Still this nation doh know how to change

Things getting from worse to worse

This is what I propose

Let's change the change for a better nation

Change the change for all foundations

Change the change so that we can say that this nation came from quite down dey

Change the change within the school systems

Stop changing ministers and change what we teach them

It won't change despite all that we do

If the change does not change with you.

Although Francis' Calypso refers specifically to Trinidad and Tobago, we believe that the ideas that he advocated in "Change" is fundamentally appropriate to Dominica in 2018.

Undoubtedly, Dominicans need to embrace change since the country has been set on a course to become more resilient to mega-storms like Hurricane Maria.

But in the political realm the need for change is overwhelming. For example: Dominicans seem to find effecting change at the top absolutely difficult. The late Dame Eugenia Charles was the leader of the ruling Dominica Freedom Party (DFP) for 15 years; she left voluntarily after she became disillusioned with politics.
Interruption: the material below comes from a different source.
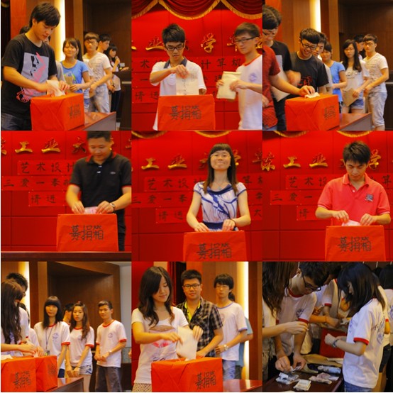 2012年5月8日17:30,艺术设计与计算机学部 “三爱一奉献,共建幸福家园,情进大楼慈善行”三下乡募捐大会在图书馆二号报告厅举行。

Soon afterwards the DFP disintegrated amidst a bitter leadership struggle.

From 2000 to 2018 Dominica has been led by one party, the Dominica Labour Party (DLP) and the current Prime Minister, Roosevelt Skerrit, has been in power for fourteen years.
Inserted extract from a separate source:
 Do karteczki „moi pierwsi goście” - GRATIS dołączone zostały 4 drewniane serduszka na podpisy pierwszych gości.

During that period islands of the Caribbean (Antigua, Trinidad, Jamaica etc.) have had many changes in political leadership. For example: from 1979 to 2000 St. Lucia has changed from John Compton (UWP) to Allan Louisy (SLP); to Winston Cenac (SLP); to Michael Pilgrim (PLP); back to John Compton (UWP); to Vaughn Lewis (UWP); to Kenny Anthony (SLP); back to John Compton (UWP); to Stephenson King (UWP); back to Kenny Anthony (SLP); and then to the current political leader Allen Chastanet (UWP).

St. Lucians do know something about change that has eluded Dominicans for the last two decades.
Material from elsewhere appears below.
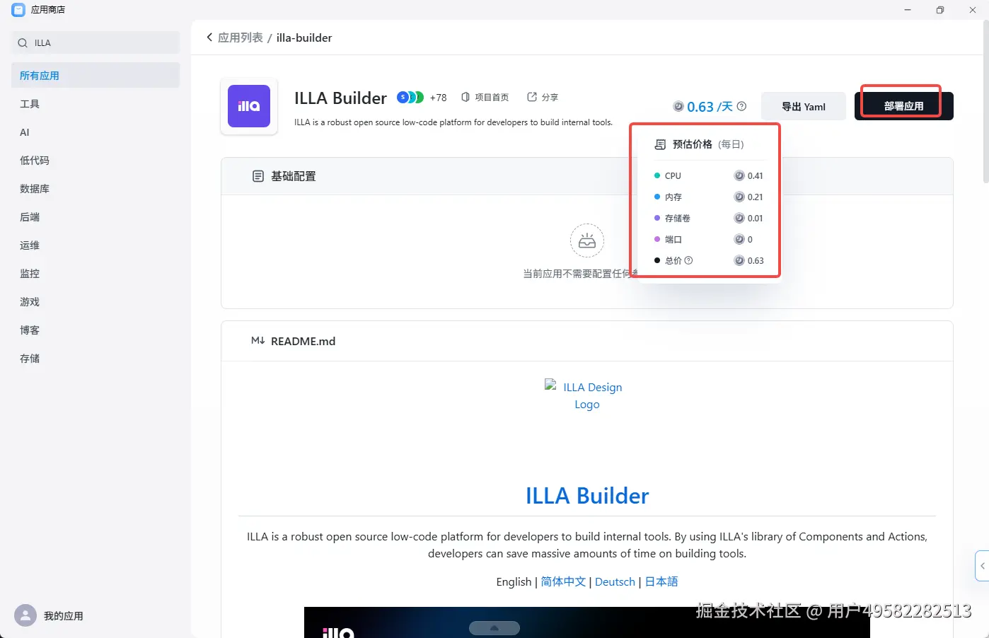 你会惊讶地发现,部署这个强大的低代码平台,你不需要填写任何配置。Sealos已经将ILLA所需的所有组件和配置都打包成了一个模板。你只需要欣赏一下它极低的单日预估价格,然后直接点击右上角的“部署应用”按钮。

But apart from politics in other arears of development change has also avoided Dominicans. Take agriculture for example. For decades we have known that to build resilience and to ensure greater food security we need to develop a comprehensive plan for the revival of the sector. Clearly, officials of the Ministry of Agriculture appear to be tinkering with various aspects of agriculture with varying levels of success but most observers are convinced that this "toopatou" approach to agricultural planning will not work as the country grapples with the effects of climate change.

The Sun Newspaper has reiterated, especially during the current national economic crisis, that there will be little sustainable growth in Dominica's economy unless we improve production and productivity in agriculture. But in other aspects of the economy (tourism, manufacturing, foreign direct investment) there's been practically no change.

As the Roosevelt Skerrit administration enters the latter part of it fourth five-year term, Dominica needs to make some drastic changes to pull the island out of the bottom of the precipice of social and economic underdevelopment into which it has plunged. And here we suggest that in the post-Maria period we need to adopt a national fixation on repairing the economy.

But before that change occurs, the Skerrit administration must first admit that the economy is in dire straits, made much worst by Tropical Storm Erika in 2015 and now Hurricane Maria in 2017. The planners of our economy must determine and agree that this is a country where at least 20 per cent of the population doesn't have a job, and of those who do, three-quarters can be described as "working poor".

They must also admit that this is a place where more than half of the nation's children and youth are "trapped" in poverty; where many are forced to realign the boundaries of hope, dreams, aspirations and need.

They must also admit that this is a nation where jobs are hard to come by, where business is stagnating, where the "Red Clinic" stands as a monument to the dire economic conditions.

In other words they must admit that this is a country where the economy was in shambles before Maria and more so now. And then resolve to fix it. Let's change the change.